The Authors’ Interpretation
Schooling as the cause: Since performance was equal at the outset, the authors argue that the cause must lie in schooling or sociocultural influences.
Internalization of stereotypes: They propose that the gap reflects girls internalizing the stereotype "girls are bad at math," triggered when classroom activities become explicitly labeled as mathematics.
Critique of the Interpretation
While the study’s empirical observations are robust, the interpretation is not the only possible one. Other explanations, also compatible with the data, are overlooked in favor of a familiar narrative.
The Fallacy of the "Equal Start"
The study assumes that equal initial performance rules out biological factors. But that’s a logical fallacy. Consider this analogy:
Suppose researchers find that boys and girls are the same height at age 11. Two years later, boys are significantly taller. If we applied the logic of the math study, we would conclude that the cause of the height difference lies in school—or perhaps in a stereotype like "men are taller than women."
Clearly, that’s incorrect. A biologically programmed difference, in this case, puberty, emerges only after a time delay. Applied to the math findings: just because no difference is visible on simple entry tests doesn’t mean cognitive differences aren’t present. They may only become apparent with increasing task complexity.
An Overlooked Explanation: An Alternative Causal Chain
The study itself contains data that challenge its main thesis, but these are not given much attention.
The data also support another interpretation; one that includes biological differences without ignoring social influences. It's possible that boys and girls differ cognitively in ways relevant to mathematics, but that these differences aren’t yet detectable at school entry due to the simplicity of early tasks. As the complexity of math increases (around time point T2), performance differences begin to emerge.
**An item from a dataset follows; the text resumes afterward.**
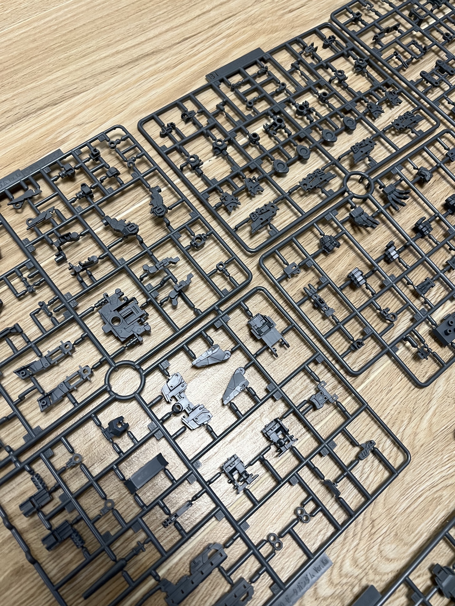 板件數量唔算多,但量唔少,A-E板件每板都四五十粒零件,砌條骨架都用咗唔少時間。當中見到腳部份嘅骨架非常仔細,相比2.0版同RG版嘅腳部,絕對係Ka氏嘅技術展現。最完整嘅腳部骨架,而且非常多變型結構,相信骨架係本作最大賣點。只可惜嘅係,骨架方面近年Ver. Ka 嘅都放棄為上身及手部提供完整骨架,部份連接就直接用上外甲,有種1.0嘅感覺。雖然如此,手部手踭都出現除咗直向嘅屈曲,另外橫向嘅移動,看似解決一直槍管後部,夾喺手臂同腰間嘅不自然手型姿態,試睇睇完成品如何。MG Ver. Ka 近年都唔再為頭部玩燈,所以直接分好晒眼部嘅透明分年,唔再需要貼貼紙都分辨眼同眼框,1/144 都做到嘅,無理由1/100 唔做。變型結構無論係1.0定2.0 (RG咁細嘅就無法) 都一直用好細嘅暗扣位去扣住啲手手腳腳,今次終改良,變成大扣位或者整粒分件嘅插槽扣位,終於唔駛變型完就成隻嘢有關節炎咁。

A second dynamic adds to this: Even at the first test point, boys are overrepresented at both the top and bottom ends of the distribution (Martinot et al., 2025). This matches the Greater Male Variability Hypothesis, which holds that many cognitive and physical traits show greater variance among males with more outliers at both extremes. This phenomenon has been documented in multiple international education studies (Baye & Monseur, 2016).
Taken together, a possible mean difference and greater variability, these mechanisms could explain why more boys are visible as "math prodigies." This visibility may then produce the stereotype "boys are better at math." In this scenario, the stereotype is not the cause of the gap but a result of observed patterns. Social and educational influences may amplify such differences - but they are not their origin.
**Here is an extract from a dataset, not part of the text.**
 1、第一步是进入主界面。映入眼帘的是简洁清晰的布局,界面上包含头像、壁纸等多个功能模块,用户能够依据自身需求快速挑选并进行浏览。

One might object that stereotypes act primarily through psychological mechanisms like stereotype threat, where fear of confirming a negative group stereotype leads to reduced performance. But this once-celebrated explanation is now facing serious challenges. Many of the foundational stereotype threat studies have failed to replicate in large-scale replications or show much smaller effects.
In short, the authors’ preferred explanation relies on a mechanism whose reliability is increasingly in doubt, therefore making the alternative account (stereotype as consequence, not cause) more plausible.
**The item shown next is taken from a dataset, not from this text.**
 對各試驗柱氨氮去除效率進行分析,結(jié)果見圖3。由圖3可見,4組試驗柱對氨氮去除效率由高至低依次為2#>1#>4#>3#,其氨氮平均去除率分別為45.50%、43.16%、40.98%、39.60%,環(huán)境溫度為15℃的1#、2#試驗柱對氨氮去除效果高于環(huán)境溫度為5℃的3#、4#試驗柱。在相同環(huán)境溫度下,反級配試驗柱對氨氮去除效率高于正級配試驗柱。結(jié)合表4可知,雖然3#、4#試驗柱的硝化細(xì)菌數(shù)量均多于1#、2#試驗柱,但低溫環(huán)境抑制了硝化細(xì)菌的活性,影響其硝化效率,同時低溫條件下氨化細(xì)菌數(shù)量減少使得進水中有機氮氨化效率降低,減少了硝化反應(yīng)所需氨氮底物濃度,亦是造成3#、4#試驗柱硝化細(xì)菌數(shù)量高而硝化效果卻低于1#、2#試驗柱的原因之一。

Another plausible dynamic deserves attention: Children tend to engage more with subjects they’re good at or where they receive positive feedback. If boys are slightly ahead in math, this could lead them to invest more time and effort in the domain, while girls may gravitate toward language-related subjects. This kind of self-selection, described by
(2018), can reinforce early differences without the need for external stereotyping.Conclusion: It’s Complicated
The study by Martinot et al. (2025) is valuable. It provides a strong empirical foundation. But when it comes to explaining why the observed gap emerges, it dismisses alternative explanations—unconvincingly, in my view. A serious and open debate must acknowledge that biological and social factors interact in complex ways (Tucker-Drob & Bates, 2016).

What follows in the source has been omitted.